[[ SOURCE MATERIAL open ]]
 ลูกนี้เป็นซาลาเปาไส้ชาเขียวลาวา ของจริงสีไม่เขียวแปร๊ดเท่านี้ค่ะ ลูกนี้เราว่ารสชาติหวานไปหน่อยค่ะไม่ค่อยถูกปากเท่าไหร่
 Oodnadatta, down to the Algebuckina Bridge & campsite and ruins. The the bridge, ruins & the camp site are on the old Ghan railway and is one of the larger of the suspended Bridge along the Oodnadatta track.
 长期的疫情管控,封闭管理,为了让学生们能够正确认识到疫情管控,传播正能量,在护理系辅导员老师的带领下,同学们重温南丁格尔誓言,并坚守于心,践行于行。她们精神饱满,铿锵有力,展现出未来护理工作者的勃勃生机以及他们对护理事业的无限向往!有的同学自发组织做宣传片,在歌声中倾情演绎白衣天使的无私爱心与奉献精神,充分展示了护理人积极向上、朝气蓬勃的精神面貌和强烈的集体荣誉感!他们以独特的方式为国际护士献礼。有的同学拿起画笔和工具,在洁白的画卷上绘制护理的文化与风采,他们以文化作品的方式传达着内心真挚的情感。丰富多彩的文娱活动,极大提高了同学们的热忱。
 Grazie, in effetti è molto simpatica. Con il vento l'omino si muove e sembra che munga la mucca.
[[ SOURCE MATERIAL closed ]]
[[ SOURCE MATERIAL open ]]
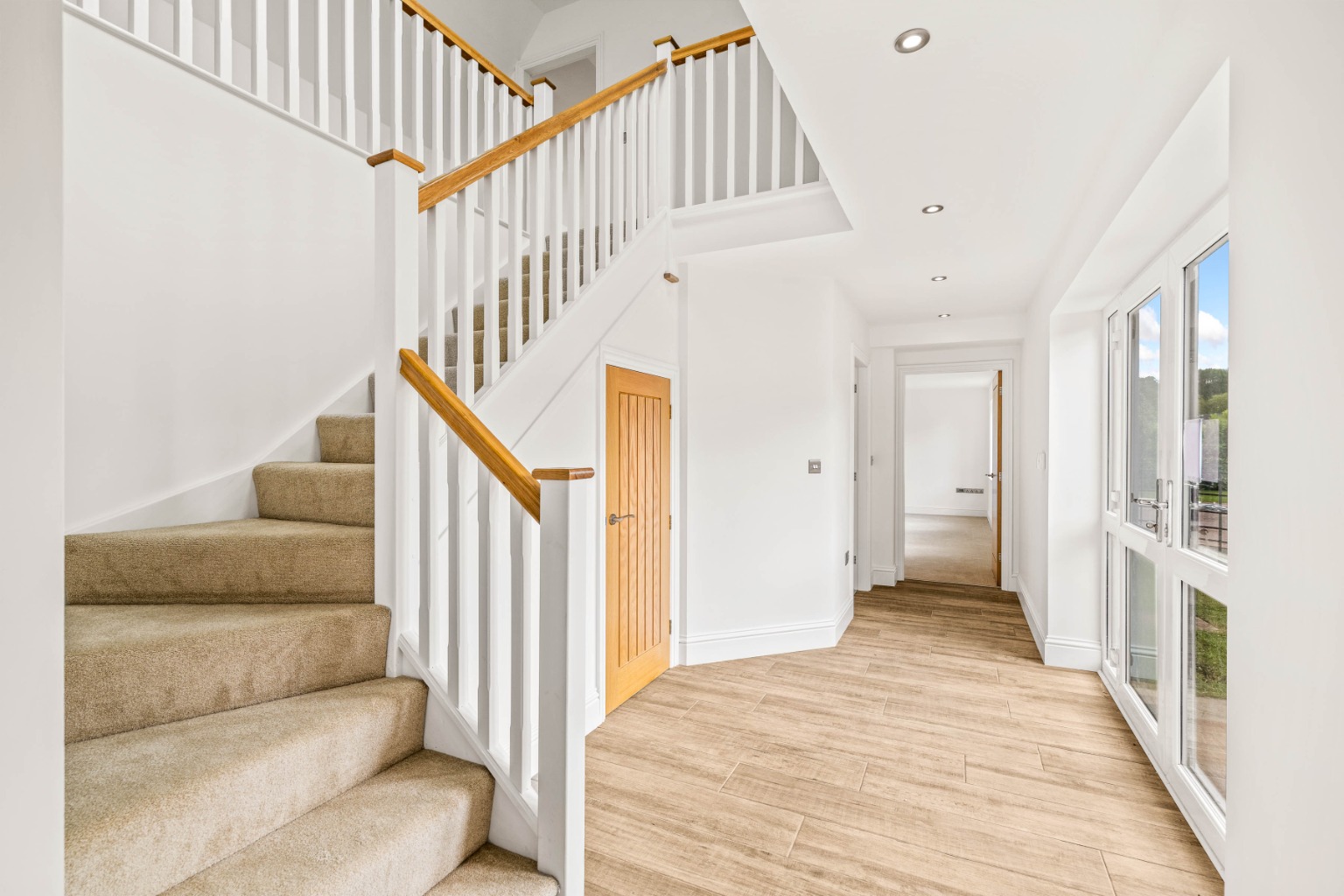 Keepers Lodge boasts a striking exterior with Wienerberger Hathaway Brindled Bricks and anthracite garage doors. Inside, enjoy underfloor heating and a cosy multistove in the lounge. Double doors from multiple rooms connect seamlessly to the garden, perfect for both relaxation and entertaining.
[[ SOURCE MATERIAL closed ]]
[[ SOURCE MATERIAL open ]]
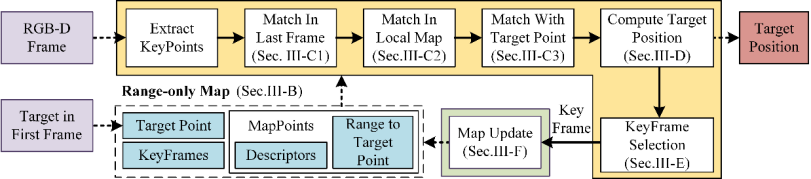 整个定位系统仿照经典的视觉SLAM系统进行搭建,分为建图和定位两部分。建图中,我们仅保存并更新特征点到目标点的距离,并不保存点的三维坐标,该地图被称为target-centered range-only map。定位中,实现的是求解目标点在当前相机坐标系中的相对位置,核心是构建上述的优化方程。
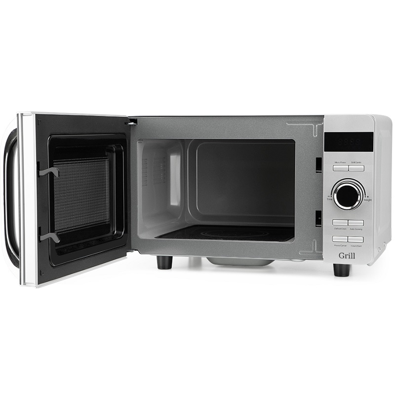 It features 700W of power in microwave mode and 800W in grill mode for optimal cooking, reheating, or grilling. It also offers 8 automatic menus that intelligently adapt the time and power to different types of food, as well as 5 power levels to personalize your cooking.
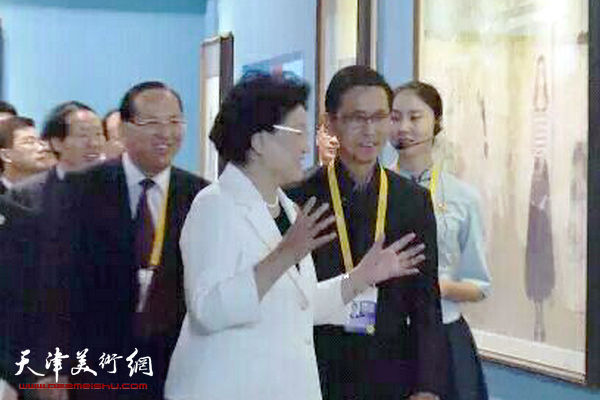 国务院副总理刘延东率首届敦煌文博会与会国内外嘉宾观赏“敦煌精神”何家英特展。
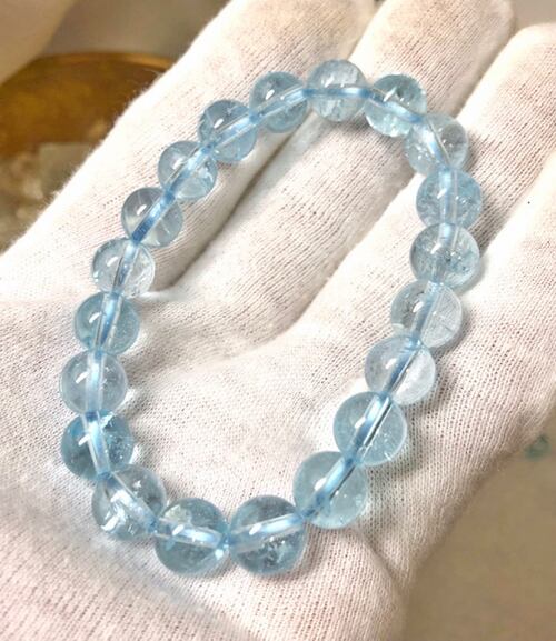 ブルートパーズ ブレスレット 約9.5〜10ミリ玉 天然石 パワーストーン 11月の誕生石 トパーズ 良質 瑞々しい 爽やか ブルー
[[ SOURCE MATERIAL closed ]]
→ WORK REQUIRED
Go to the line above that contains "It features 700W" and reproduce everything exactly from there through the line that contains "ブルートパーズ ブレスレット 約9.5〜10ミリ玉", leaving out the pictures.

→ EXERCISE RESPONSE
 It features 700W of power in microwave mode and 800W in grill mode for optimal cooking, reheating, or grilling. It also offers 8 automatic menus that intelligently adapt the time and power to different types of food, as well as 5 power levels to personalize your cooking.
 国务院副总理刘延东率首届敦煌文博会与会国内外嘉宾观赏“敦煌精神”何家英特展。
 ブルートパーズ ブレスレット 約9.5〜10ミリ玉 天然石 パワーストーン 11月の誕生石 トパーズ 良質 瑞々しい 爽やか ブルー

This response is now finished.